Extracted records
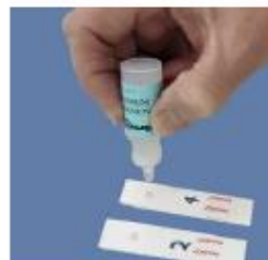
サンプル乳と反応薬を検査紙に滴下
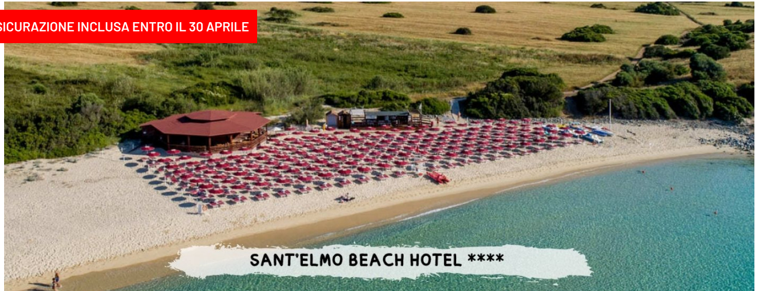
SANT'ELMO BEACH HOTEL ****

ASSICURAZIONE INCLUSA ENTRO IL 30 APRILE
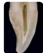
Prof. Marleen Peumans (Belgium)

A hagyományos színrendszerek különböző színárnyalatokra épülnek, amik A, B, C és D néven ismertek. Ugyanakkor tudjuk, hogy a zománcnak és a dentinnek más a karakterisztikája , és mindkettő hozzájárul a fog végső színének érzékeléséhez. Azáltal, ha elszakadunk a hagyományos monokromatikus színektől, és az enamel és a dentin karakterisztikájának reprodukálására fókuszálunk , mindössze két egyszerű réteggel juthatunk egy sokkal természetesebb eredményhez.
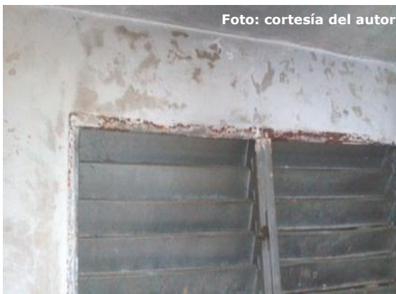
Ventanas en mal estado de la vivienda de Marilú
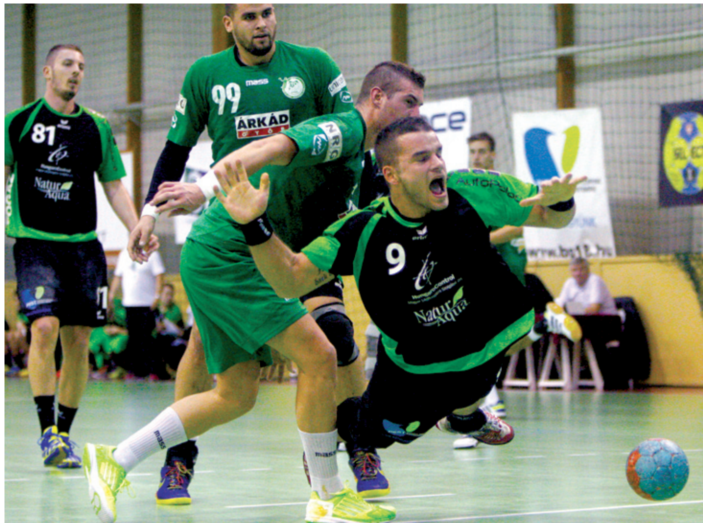
A válogatott játékosokkal felálló Csurgó túl nagy falat a megfiatalított PLER-nek

■ Work item
Quote the lines above exactly, starting with the one that has "SANT'ELMO BEACH HOTEL ****" and ending with the one that has "Prof. Marleen Peumans (Belgium)"; drop the pictures and include nothing else.

■ Answer below
SANT'ELMO BEACH HOTEL ****

ASSICURAZIONE INCLUSA ENTRO IL 30 APRILE
Prof. Marleen Peumans (Belgium)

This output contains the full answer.